Indigenous wisdom guides High Park’s traditional and prescribed burn

(Stacey Kuznetsova)

High Park, a place where families come to escape the city and lounge under trees, is up in smoke. But there are no fire truck sirens or screams of panic. There is only singing, a drumbeat, and a crackling fire.

The traditional and prescribed burn, which takes place at High Park every year, is a way to nourish fire-dependent environments, such as the Black Oak Savannah the park is home to. 

The burn, known as Biinaakzigewok Anishnaabeg in the Anishinaabemowin (Ojibwe) language, is a long-standing practice in the Indigenous community. The founder of Msit No’kmag, Carolynne Crawley, says,Traditional cultural burns have been happening since time immemorial. It’s one of those responsibilities to be in a good relationship with all of creation.” 

As Crawley explains, “the burns help clear the land, to make it easier for movement — not just for people, but also for animals.” Additionally, the burn helps plants and trees to germinate. 

“The Black Oak Savannahs were significant for the nations living here because they provided a significant food source: the acorns,” says Crawley. 

For decades, colonial ways have prevented Indigenous communities from burning off the dry bush, which has led to frequent forest fires.

For the third year in a row, the city of Toronto collaborates with the Indigenous Land Stewardship Circle to carry out the traditional burn.
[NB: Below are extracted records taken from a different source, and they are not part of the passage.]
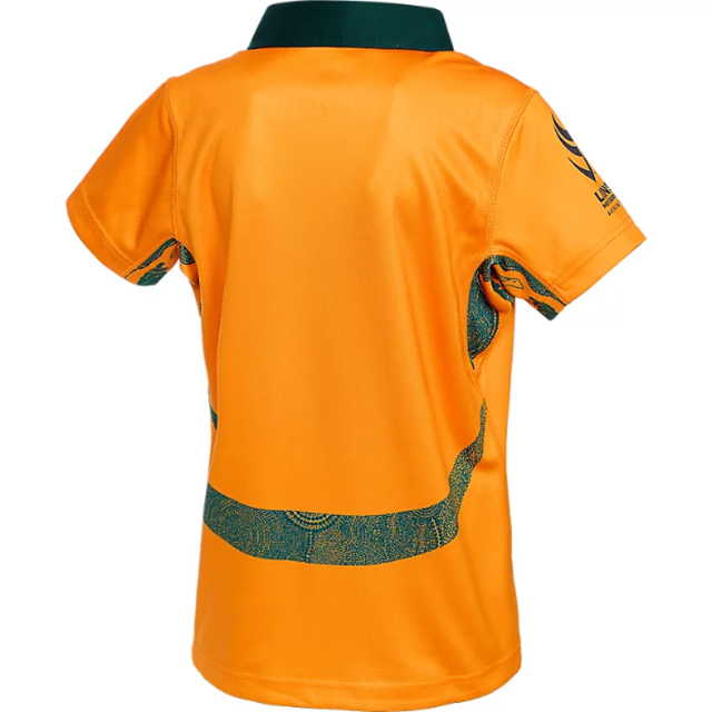 脇から背中にかけて、先住民アボリジニの伝統的なアート柄が美しく施されています。さらに、ワラビーズとライオンズの両チームロゴが向かい合った限定デザインがサイドに刻まれており、歴史的な対戦を象徴しています。
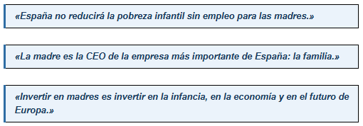 - Medidas reales de conciliación para la madre que trabaja y emprende, especialmente en el ámbito rural.
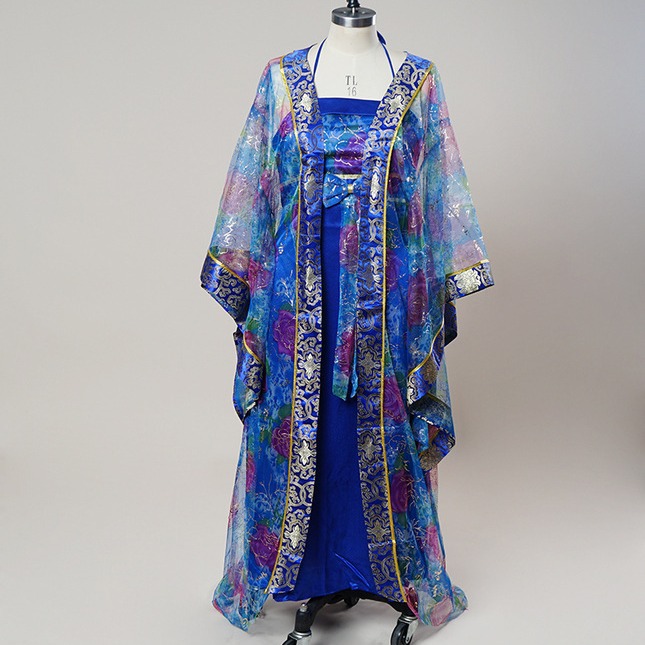 الصينية الكلاسيكية الأزرق الدانتيل تول هانفو زي الفيلم القديم والتلفزيون مرحلة زي فستان تنورة المرأة
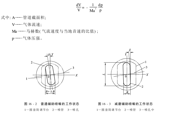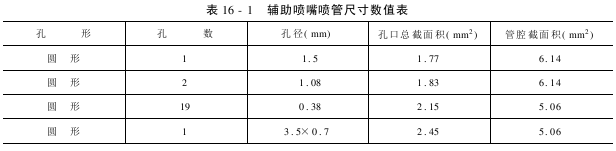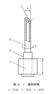 辅助喷嘴由管座1、管套2及喷管3等组成。其中喷管头端压扁成形,喷孔位置在和管身呈α角的斜面上,α称为喷射角;喷管和管套一般用树脂胶固结,两者按肯定的角度β定位。称为喷向角,如图16-1所示。
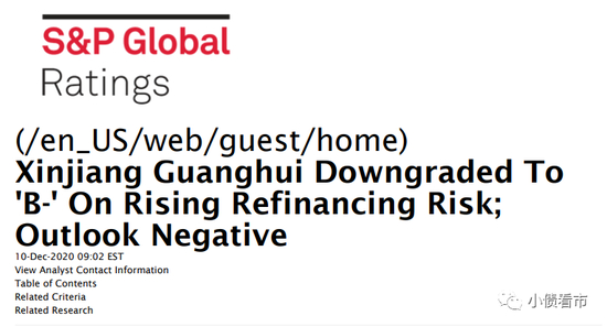 标普认为,广汇集团缺乏长期融资渠道,将加大再融资风险;预计其将以短期银行融资为2021年到期的大部分债券进行再融资。

Manager of Urban Forestry, Ray Vendrig, feels there is much that city consultants can learn about taking care of the forests from Indigenous people.
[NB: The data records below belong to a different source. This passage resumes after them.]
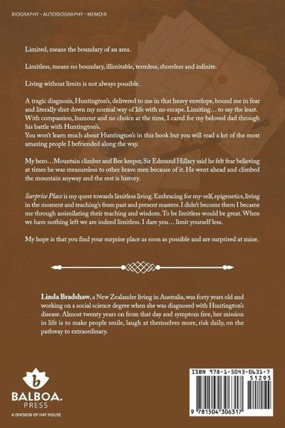Limited, means the boundary of an area. Limitless, means no boundary, illimitable, termless, shoreless and infinite. Living without limits is not always possible. A tragic diagnosis, Huntington's, delivered to me in that heavy envelope, bound me in fear and literally shut down my normal way of life with no escape. Limiting… to say the least. With compassion, humour and no choice at the time, I cared for my beloved dad through his battle with Huntington's. You won't learn much about Huntington's in this book but you will read a lot of the most amazing people I befriended along the way. My hero…Mountain climber and Bee keeper, Sir Edmund Hillary said he felt fear believing at times he was measureless to other brave men because of it. He went ahead and climbed the mountain anyway and the rest is history. Surprise Place is my quest towards limitless living. Embracing for my-self, epigenetics, living in the moment and teaching's from past and present masters. I didn't become them I became me through assimilating their teaching and wisdom. To be limitless would be great. When we have nothing left we are indeed limitless. I dare you… limit yourself less. My hope is that you find your surprise place as soon as possible and are surprised at mine.
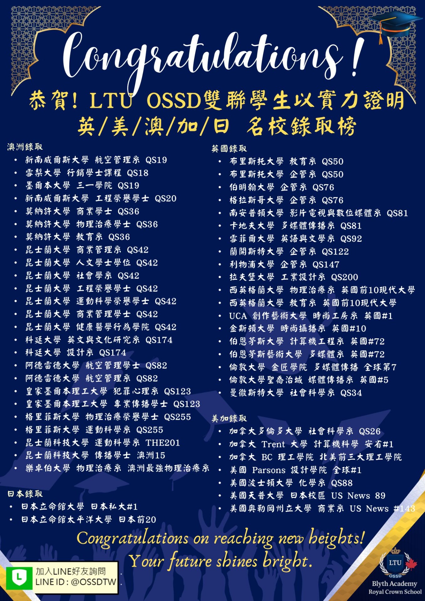 LTU布萊斯OSSD台灣辦公室在此恭賀同學,也期待明後年有更多同學一起加入雙聯OSSD的行列,完成挑戰世界頂大的夢想!
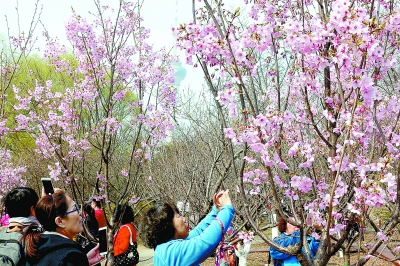 玉淵潭公園的杭州早櫻綻放枝頭,游客紛紛拍照留念。北京日報(bào)記者 吳鏑攝

“They teach our staff a lot about how [they] respect the land, and how everything is connected: how plants, animals, and people are connected. 

“We come at it from a scientific or a forestry point of view, but to have a different point of view is very refreshing,” adds Vendrig

The ceremony requires stable, warm weather, dry ground, and a breeze to minimize smoke impacts on the populated areas, which finally happened on the morning of April 9. 

The day started with a closed sunrise ceremony and a holy fire, the coal from which was used to light each section of the park. As fire crews laid out plans for the burn and blocked off affected pathways, Indigenous drummers, singers, and dancers performed the opening ceremony. 

(Stacey Kuznetsova)

City officials reassure the public that the fire is “deliberately set and carefully controlled.” Only grass stems and small twigs are affected, and the firemen keep close watch to ensure the flames don’t catch onto the larger trees. 

Before igniting each section, volunteers flush out snakes and search for turtle hatchlings to remove them from the affected areas. Crawley empathizes, “When Indigenous peoples are coming together, we’re always considering wildlife; because like I said, they’re family.”

As the delicate operation unfolds, fire chiefs and Indigenous stewards are in constant communication, checking in before lighting each section or moving onto the next one. One of the volunteers, George Gardiner, says: “The major challenge is there are so many different parties involved that not everybody is aware of everything at the same time.” 

(Stacey Kuznetsova)

Crawley says that to repeat the success of the traditional and prescribed burn at High Park, the city needs to “continue to build relationships with Indigenous communities.” 

“The city has a reconciliation strategy. And I think it’s important for there to be clear steps of what does that mean for the land? What does that look like for the animal relatives? What does that mean or look like for the plant relatives, for the waters?” she says. 

“In the city of Toronto, I think about 85 per cent of all wetlands or waterways have been buried or developed upon,” Crawley adds. “The lands have been, and continue to be, harmed through these colonial and capitalist systems.” 

Vendrig believes there are many other Indigenous practices that could benefit Toronto. “Some of the other things that we’re working on with members of the Indigenous community is the protection of the turtles in Grenadier Pond.

“In the west end of the city, we’ve worked with an Indigenous youth agency to create a site where they can hold educational meetings for Indigenous youth and teach them about the land,” adds Vendrig.

The traditional and prescribed burn shows how the city and Indigenous communities share a duty to care for the territory originally known in Mohawk as Tkaronto. 

On the morning of the burn, Vivian Recollet, the Anishinaabe Granmother, with the spirit name “Bigasohn Kwe,” addressed the visitors, volunteers, and city staff in the opening ceremony: “We’re not asking for perfection. We’re asking that you do the best that you can.

“Today we have gathered the pieces from a long time ago that our ancestors tried to leave for us,” she says. 

“On these lands we have ceremony;, there’s beautiful gifts left for us here to revive and rekindle, and take and put into our hearts’ faces. To be able to walk beautifully on Mother Earth, […] and remember our responsibility.”